— TASK DETAILS —
Starting with the line that has "Семейный архив Лопатиных" in the records below and stopping after the line that has "Разрушенная пешеходная дорожка моста", output every line exactly and nothing else; skip pictures.

— TASK INPUTS —
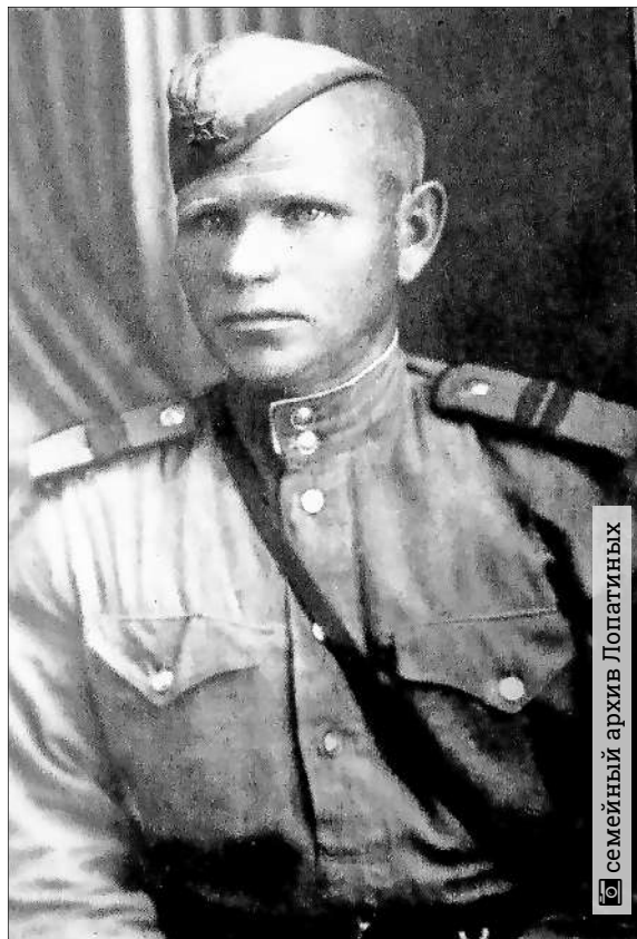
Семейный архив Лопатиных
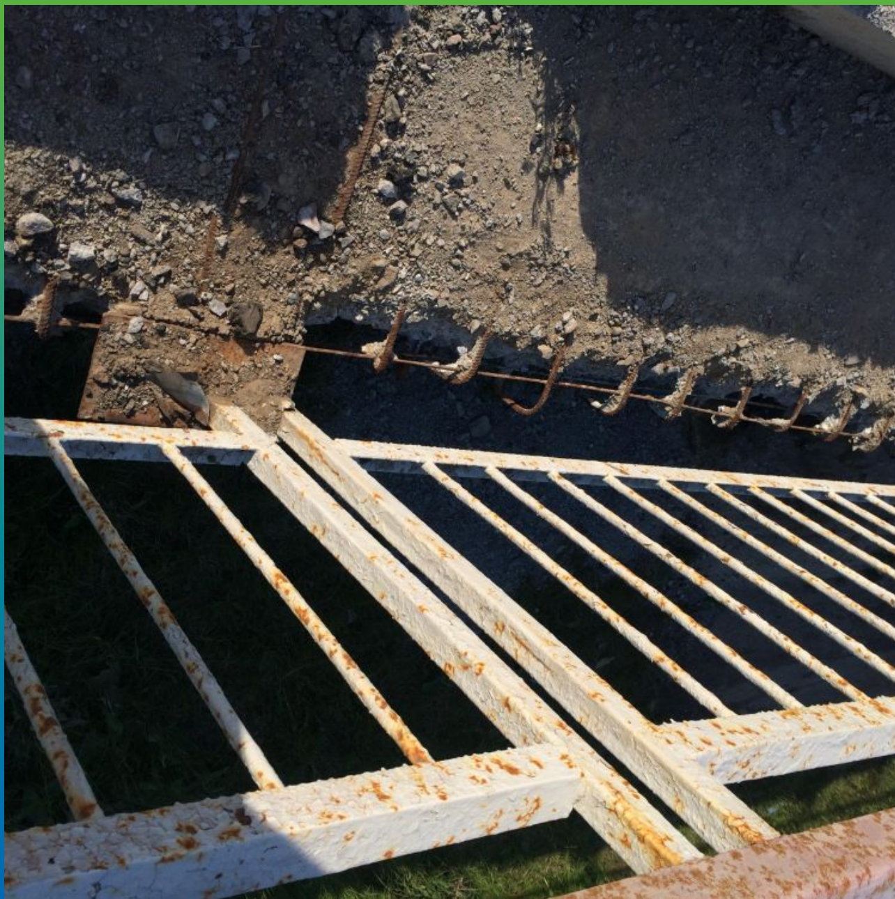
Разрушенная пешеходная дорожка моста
* * *
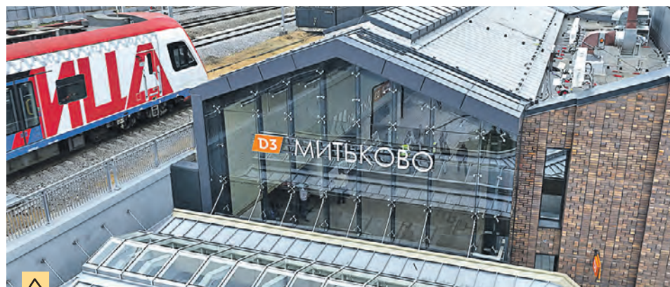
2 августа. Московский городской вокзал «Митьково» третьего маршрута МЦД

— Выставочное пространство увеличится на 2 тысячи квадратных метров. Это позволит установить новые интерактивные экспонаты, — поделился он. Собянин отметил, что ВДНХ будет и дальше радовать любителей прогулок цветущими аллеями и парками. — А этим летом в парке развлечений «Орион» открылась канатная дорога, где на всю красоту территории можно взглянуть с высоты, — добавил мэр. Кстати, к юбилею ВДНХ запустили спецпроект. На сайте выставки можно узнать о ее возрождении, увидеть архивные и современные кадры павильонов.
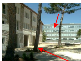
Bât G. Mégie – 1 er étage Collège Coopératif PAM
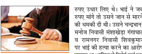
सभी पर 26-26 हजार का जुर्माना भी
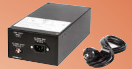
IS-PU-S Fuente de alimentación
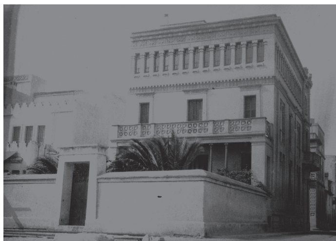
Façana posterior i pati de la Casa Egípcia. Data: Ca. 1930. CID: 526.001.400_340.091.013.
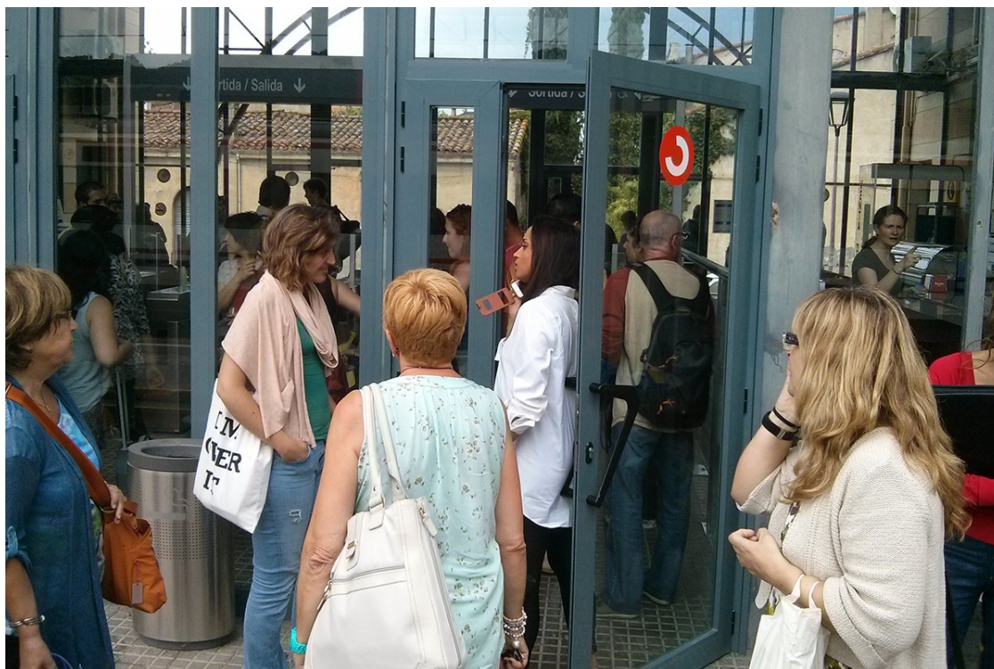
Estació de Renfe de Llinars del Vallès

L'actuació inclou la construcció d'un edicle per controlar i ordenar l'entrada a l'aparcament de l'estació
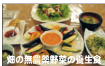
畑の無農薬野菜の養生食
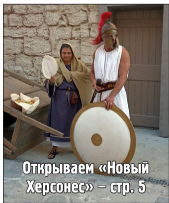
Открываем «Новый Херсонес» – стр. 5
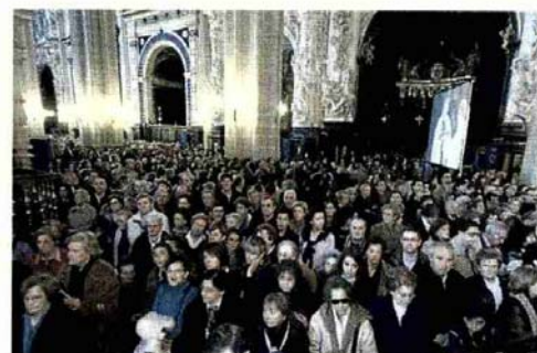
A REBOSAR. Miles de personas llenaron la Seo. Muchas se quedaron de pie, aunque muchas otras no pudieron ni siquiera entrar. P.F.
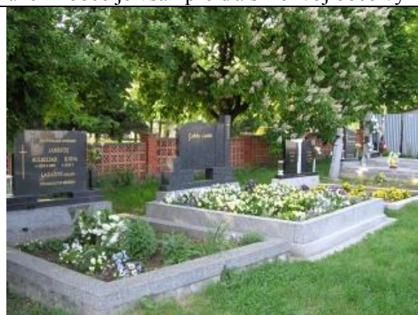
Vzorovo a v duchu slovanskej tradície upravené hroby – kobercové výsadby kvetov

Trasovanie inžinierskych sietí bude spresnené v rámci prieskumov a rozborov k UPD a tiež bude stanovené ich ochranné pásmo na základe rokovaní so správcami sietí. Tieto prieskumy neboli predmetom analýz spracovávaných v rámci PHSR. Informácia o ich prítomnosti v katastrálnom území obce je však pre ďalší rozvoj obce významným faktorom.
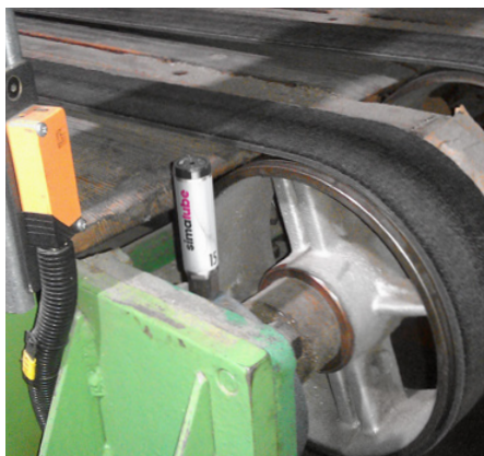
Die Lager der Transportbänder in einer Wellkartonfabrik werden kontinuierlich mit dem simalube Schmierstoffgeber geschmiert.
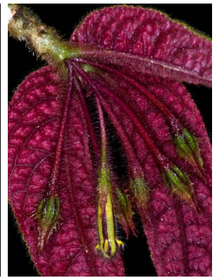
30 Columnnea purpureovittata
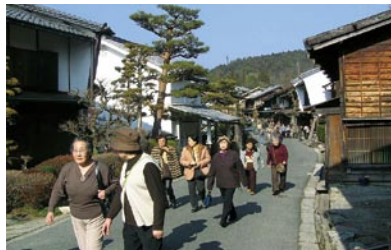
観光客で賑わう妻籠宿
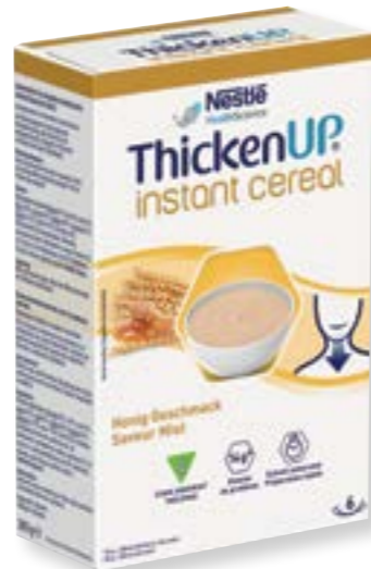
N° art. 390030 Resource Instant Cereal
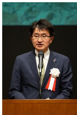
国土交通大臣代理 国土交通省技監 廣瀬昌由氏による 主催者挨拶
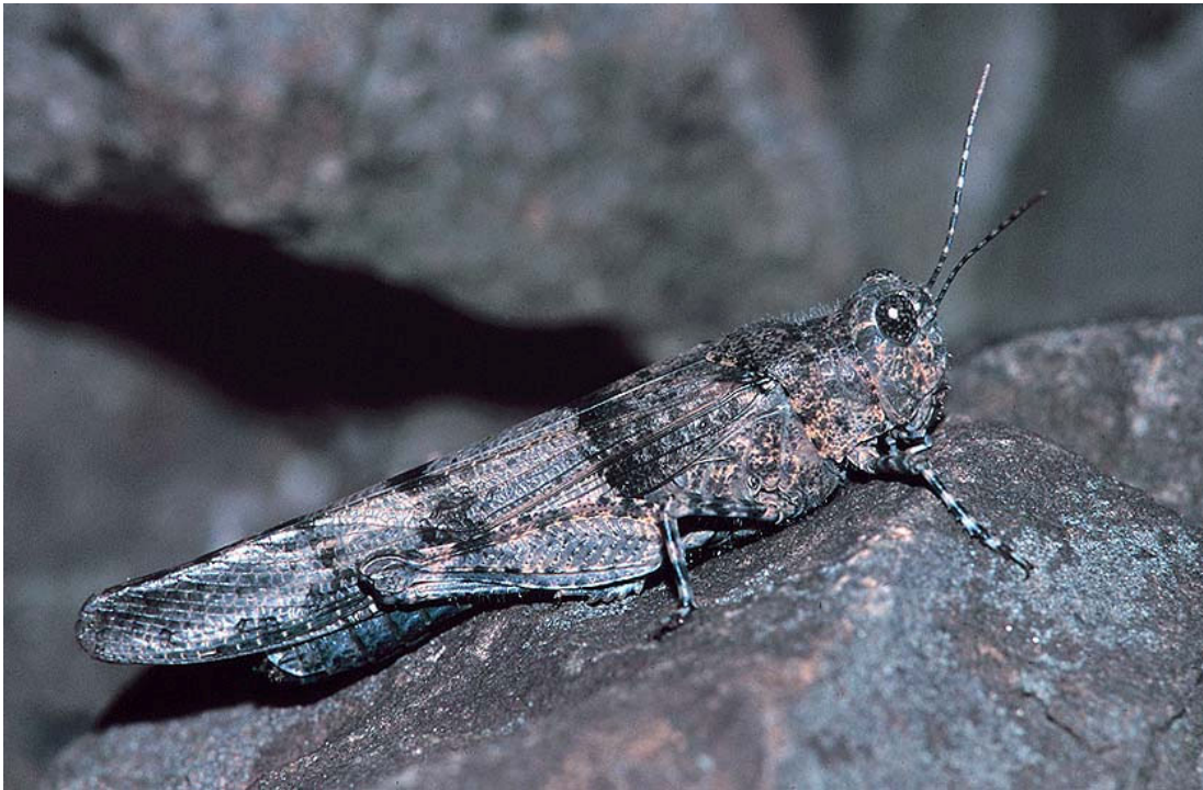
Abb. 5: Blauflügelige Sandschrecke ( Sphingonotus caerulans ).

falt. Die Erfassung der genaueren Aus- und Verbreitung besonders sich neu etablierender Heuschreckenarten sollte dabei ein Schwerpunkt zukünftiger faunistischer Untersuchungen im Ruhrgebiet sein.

— PROBLEM SOLUTION —
Семейный архив Лопатиных
Разрушенная пешеходная дорожка моста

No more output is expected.